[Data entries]
####################

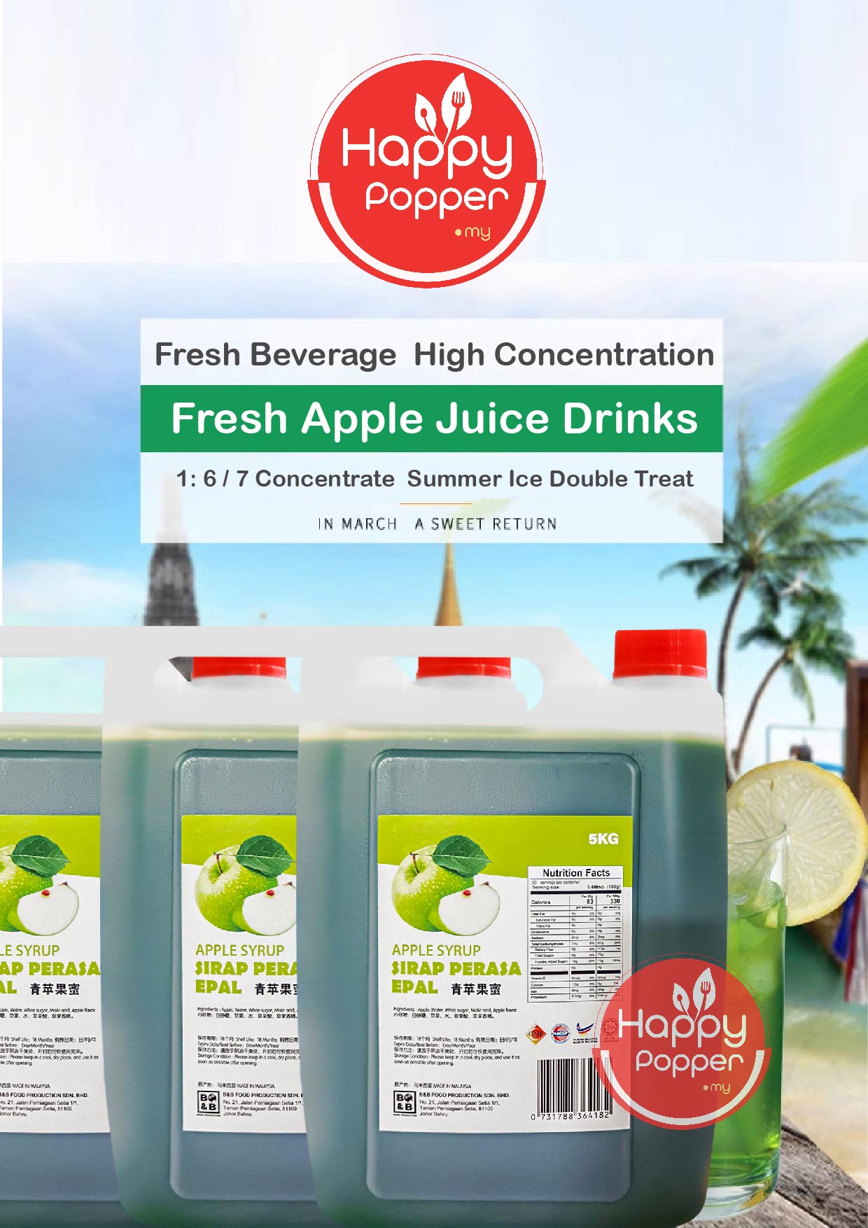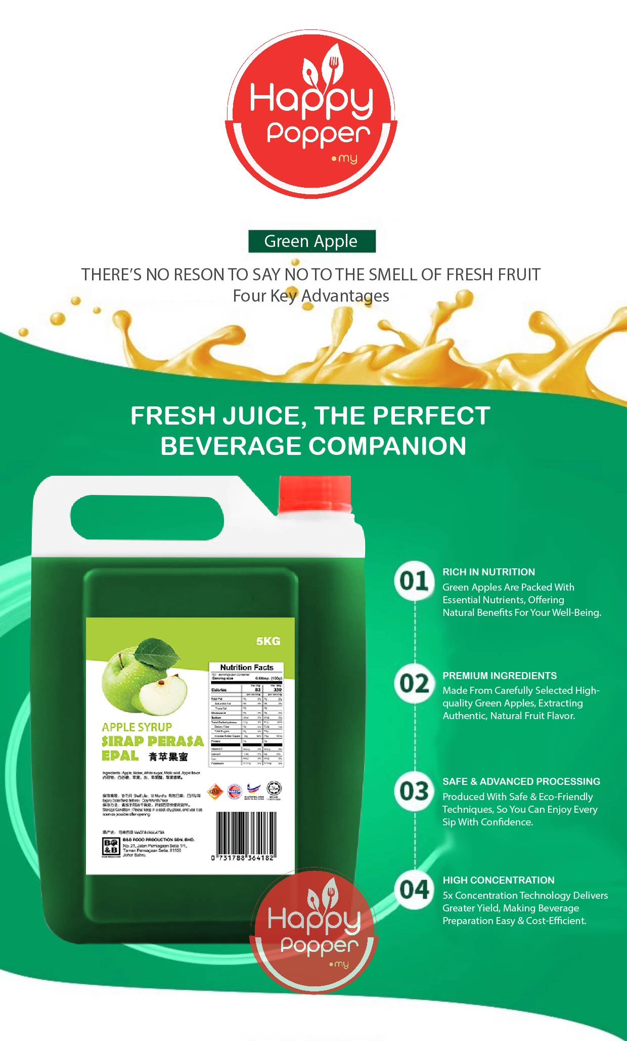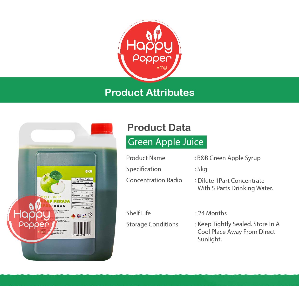 B&B Concentrated Fruit Syrup Green Apple 5kg ( 4 Btl/Ctn ) BT-SY128 青苹果味糖浆5公斤装
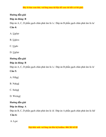 Đáp án A, C, D phần gạch chân phát âm là /ʌ/. Đáp án B phần gạch chân phát âm là /u/ Câu 4: A. Unfair B. Unless C. Undo D. Unfair Hướng dẫn giải Đáp án đúng: B
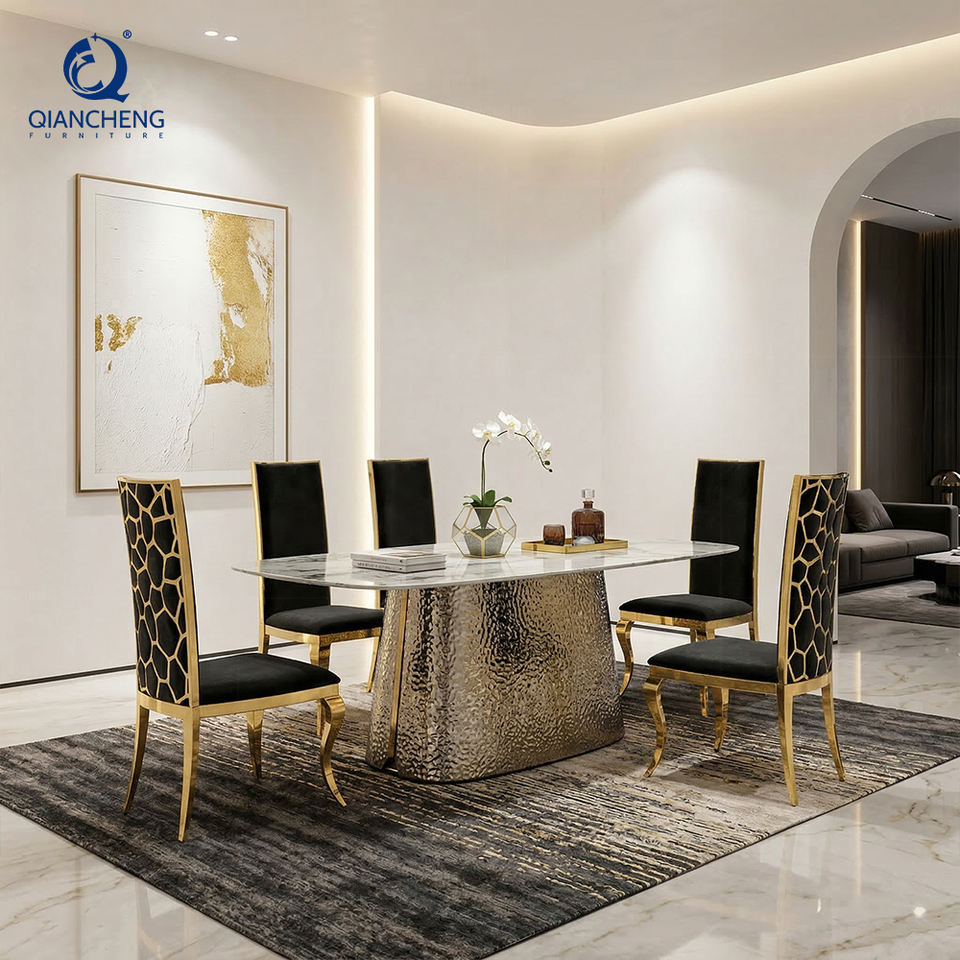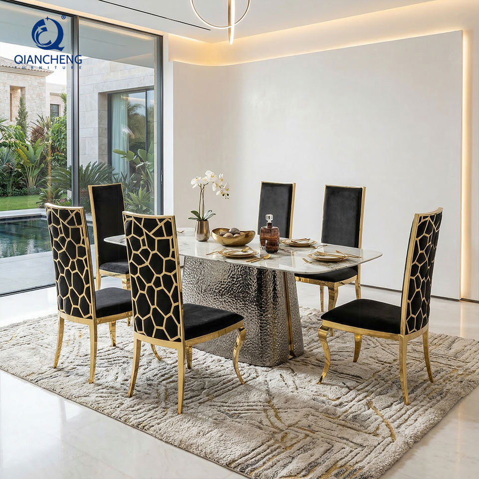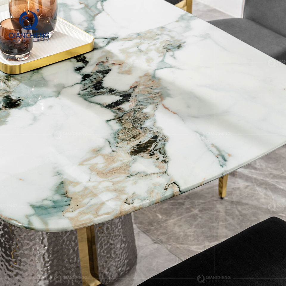 Custom Made Hand Craft Stainless Steel Dining Table for 10 People Turkish Furniture Dubai Artificial Marble Top Dining Table
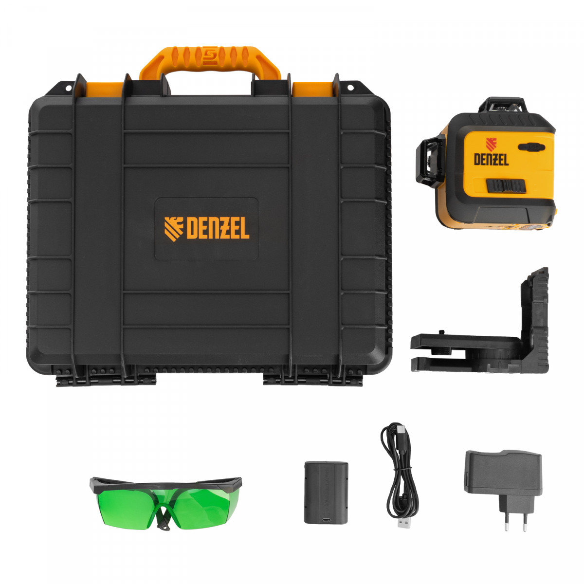 Лазерный уровень мультипризм. LXI 360-2 Green, 30 м, 520 Нм, акк. Li 2800 mAh, резьба 1/4" Denzel
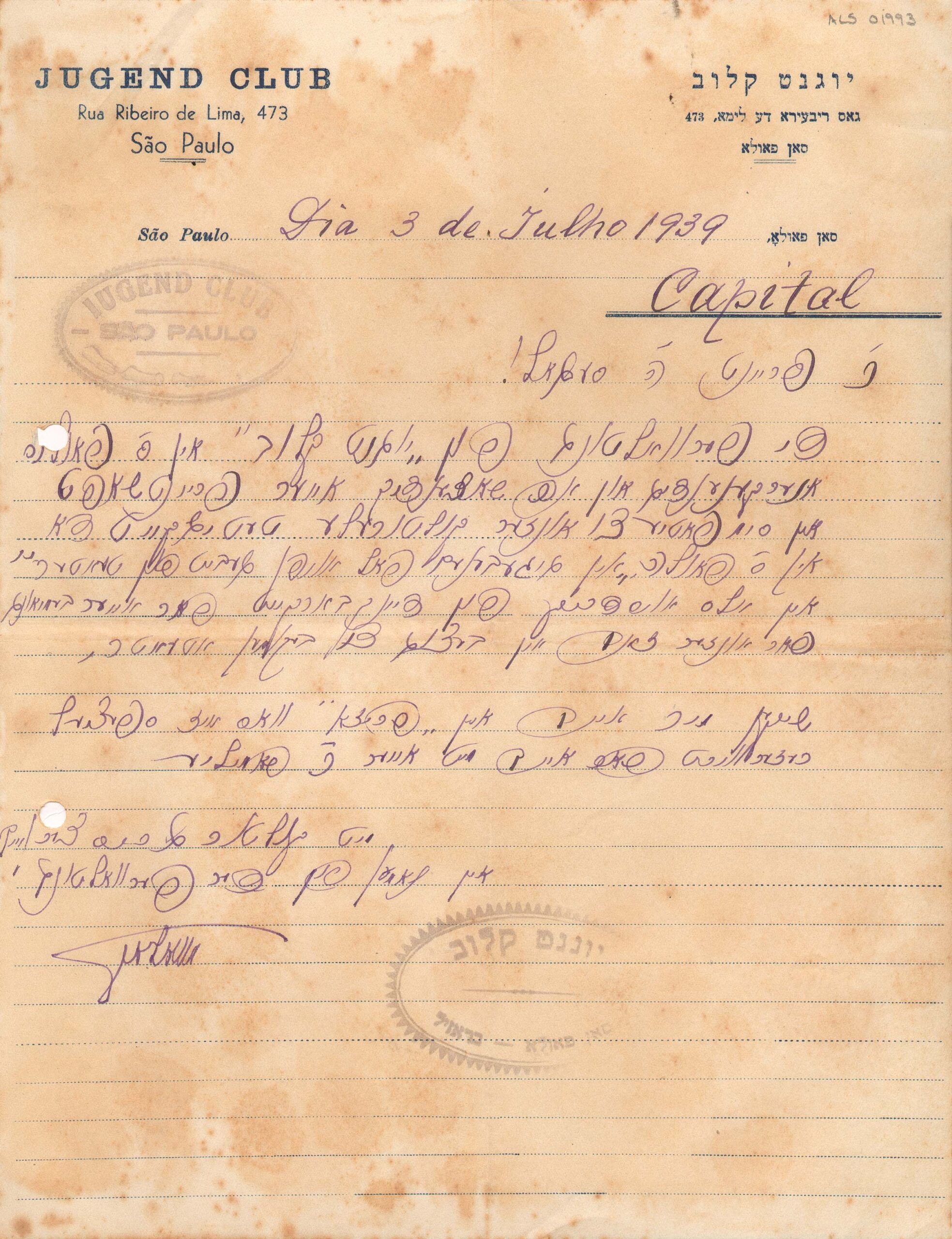 Papel timbrado: "Jugend Club Rua Ribeiro de Lima, 473 São Paulo"
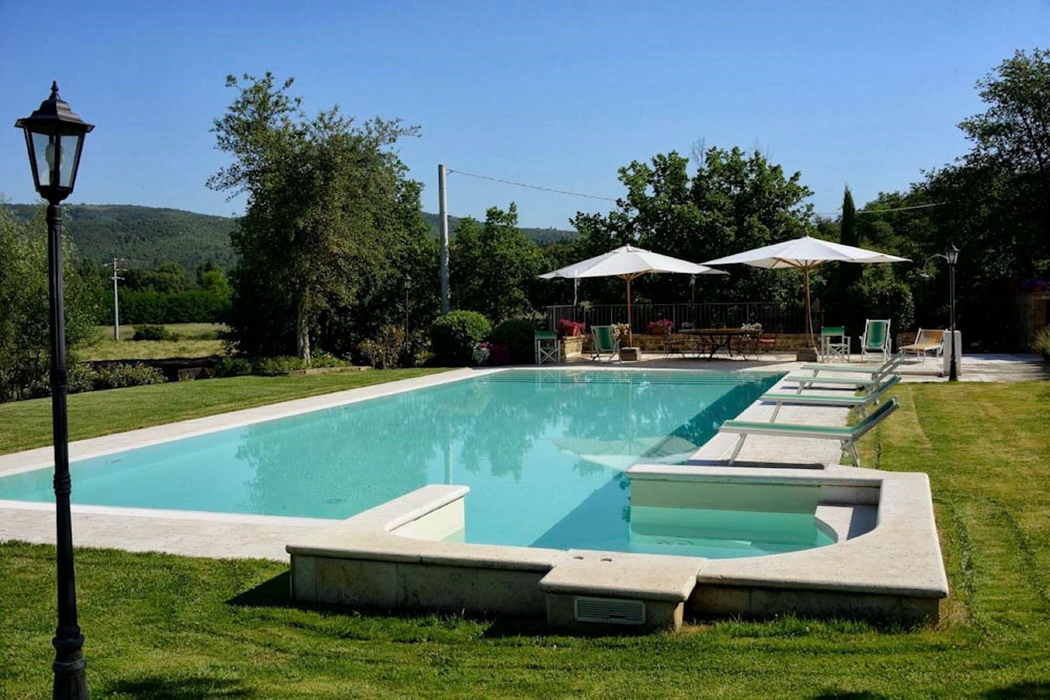 Beliggende i de bølgende bakker i Toscanas landskab, tilbyder dette autentiske feriehus i Bucine et fredeligt og naturskønt tilflugtssted for familier eller venner, der søger plads, komfort og en ægte italiensk oplevelse. Den 2-etagers villa har komfortabel plads til 10 gæster med et varmt og indbydende interiør. Opholdsområderne byder på traditionel charme blandet med moderne bekvemmeligheder, hvilket skaber et indbydende rum til fælles måltider og afslappede aftener. Det veludstyrede køkken gør det nemt at lave mad selv, og de lyse opholds- og spisestuer giver plads til, at alle kan samles, hygge sig og slappe af. Sovepladserne er rummelige ovenpå med 5 store soveværelser, alle med eget badeværelse. Udenfor bliver din private swimmingpool hjertet af oplevelsen og tilbyder forfriskende dukkerter på varme toscanske dage og masser af plads til solbadning. Den omkringliggende have og terrasse med havemøbler er ideelle til udendørs spisning, morgenkaffe i solen eller fredelige aftener under åben himmel. Det indhegnede udendørsområde tilføjer privatliv og sikkerhed for børn eller kæledyr. Beliggende nær den charmerende by Bucine, giver villaen dig nem adgang til lokale caféer, bagerier og traditionelle trattorier, hvor du kan nyde toscansk køkken. Udforsk nærliggende middelalderlandsbyer, naturskønne landeveje og bølgende landskaber, der kendetegner denne berømte region. Dagsture til Arezzo, Siena, Firenze eller vinmarkerne i Chianti-regionen er også inden for rækkevidde. Med praktiske bekvemmeligheder som aircondition, Wi-Fi, privat parkering og gennemtænkt planløsning overalt blander dette feriehus rustik karakter med hverdagens bekvemmeligheder - og skaber den perfekte base for en mindeværdig toscansk ferie.
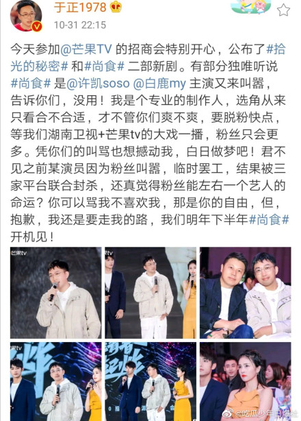 Hôm qua (31.10), một lần nữa Vu Chính công khai chỉ trích một bộ phận cư dân mạng, lên tiếng trả lời về tin đồn Hứa Khải và Bạch Lộc hợp tác được lan truyền bấy lâu nay. Vu Chính xác nhận Hứa Khải và Bạch Lộc sẽ tham gia vào Thượng thực, rất nhiều fan tỏ ra bất mãn với việc này. Hơn nữa, giữa Bạch Lộc và Hứa Khải còn xảy ra tin đồn tình cảm khiến “fan only” hai bên không hài lòng, cảm thấy đối phương không xứng với thần tượng của mình, dẫn đến gây chiến lẫn nhau.
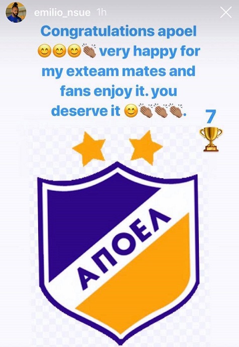"Συγχαρητήρια ΑΠΟΕΛ. Πολύ χαρούμενος για τους πρώην συμπαίκτες μου και για τους οπαδούς. Απολαύστε το, το αξίζετε", αυτό αναφέρει ο πρώην παίκτης του ΑΠΟΕΛ Εμίλιο Νσούε.

####################

WHAT IS EXPECTED
Please give back exactly the lines from the first line of the records above through the line containing "Đáp án A, C, D", only those and both included, with the pictures removed.

EXERCISE ANSWER
 B&B Concentrated Fruit Syrup Green Apple 5kg ( 4 Btl/Ctn ) BT-SY128 青苹果味糖浆5公斤装
 Đáp án A, C, D phần gạch chân phát âm là /ʌ/. Đáp án B phần gạch chân phát âm là /u/ Câu 4: A. Unfair B. Unless C. Undo D. Unfair Hướng dẫn giải Đáp án đúng: B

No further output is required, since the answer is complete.